Constantine begins with the suicide of Isabel, a troubled young woman who believes she can see angels and demons.   Her twin sister Angela is a detective who is convinced her devoutly Catholic sister could never contemplate an act that would sentence Isabel to a lifetime in hell.   Angela tracks down a reluctant John Constantine, a bitter exorcist who loathes the hand that life dealt him.   It’s only when Constantine gets an inkling of what’s really at stake that he jumps into action.

I don’t find Constantine to be guilty at all; I really enjoy it, for what it’s worth.   (I went to see it in the theater by myself, which is a rare happening given that I hate seeing movies by myself.)   My annoying and not at all charming bias for Keanu Reeves may be showing, but he didn’t do a half-bad job at playing a world-weary, cancer-stricken jerk with a capacity for redemption.    Rachel Weisz does a fairly good job given the fact save for a scene where she comes back from a short jaunt to hell, but who’s counting?    And Shia LaBeouf pops up as an annoying assistant to Constantine, pre-Transformers.   Shit, Gavin Rossdale – Mr. Stefani and frontman of Bush, who I was fond of in my junior high days – makes an appearance as a villain.   Who would have thought, huh?

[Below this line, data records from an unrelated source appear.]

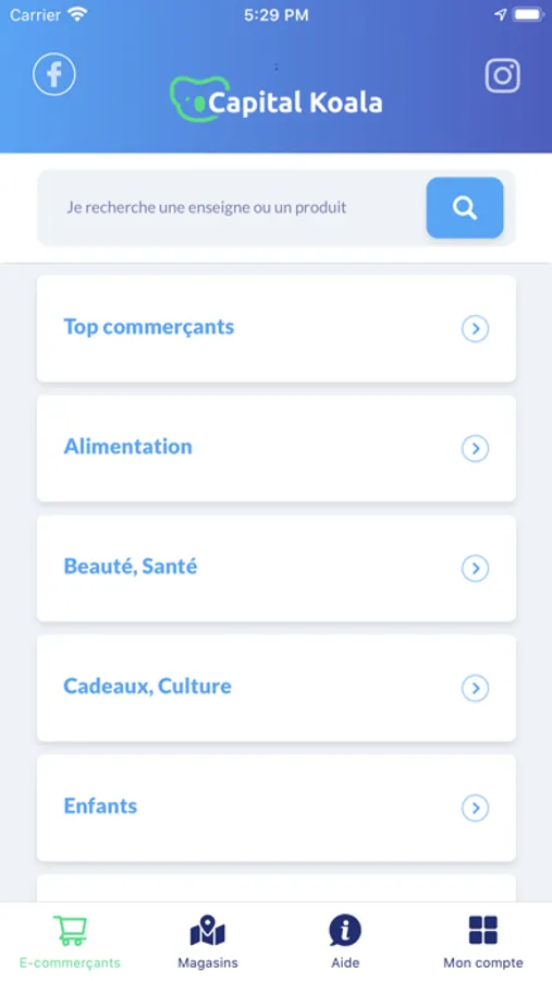 Recherchez directement les commerçants dans l'app, sans passer par votre navigateur, et accédez à leur site mobile.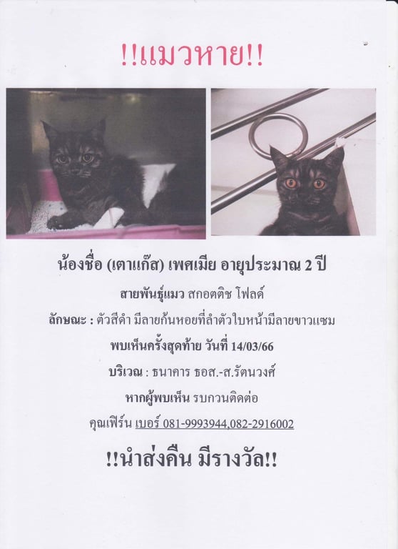 รอยตำหนิ: น้ำหนักประมาณ 3กิโลกรัม ไม่มีปลอกคอค่อนข้างขี้กลัว ตื่นตกใจคนง่าย ไม่ค่อยส่งเสียงร้อง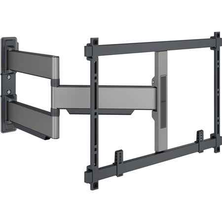 Draaibare, ultraslanke tv-beugel voor high-end tv’s van 40 t/m 77 inch. De ELITE Full-Motion+ tv-beugel combineert minimalistisch design met geweldige prestaties. De beugel is niet alleen ultraslank, maar ook ultrasterk en tot maar liefst 180° draaibaar. Kortom, de ultieme muurbeugel voor grote high-end tv’s, zoals OLED en QLED. De tv-beugel is geschikt voor schermen van 40 t/m 77 inch met een maximaal gewicht van 45 kg. In de uitgangspositie hangt je tv slechts 4 cm van de muur. Belangrijke voordelen Ultraslank en -sterk – Slechts 4 cm van de muur, ideaal voor grote OLED/QLED tv's De ELITE Full-Motion+ tv-beugel beschikt over 65 cm lange draagarmen. Soepele OneFinger™-beweging – Dankzij gecoate lagers en precisiestalen assen Perfect rechte montage – Waterpas inbegrepen 2D-Leveling™: Je tv altijd waterpas – Nauwkeurig waterpas stellen na installatie (horizontaal en verticaal) Beschermende tv-patches – Bescherm de achterkant van je tv met zachte beschermende patches

Constantine does ascribe a very Catholic view of things to its universe.   The special effects aren’t wonderful, but they’re not terrible either; the story’s fairly bland at times but hey, you get Peter Stormare as the Devil!  (It’s worth it to watch just for Stormare’s appearance.  No lie.)

If we’re chalking it up to guilty pleasures, I’d say that Keanu Reeves’ performance is enjoyable in an unironic way, which makes it difficult for some people to admit.    I’d say that it’s fun while being ridiculous; that Tilda Swinton is made of awesome and was perfect casting as an androgynous angel is a good pleasure point, if you will.   The twisty-looking plot isn’t all that twisty; if you sat through a couple of Catholic masses and a few episodes of Murder, She Wrote you’ll see the ending coming but the cast makes it fun while you’re waiting for the climax.

All in all, a nice escapist movie for a rainy weekend, I think.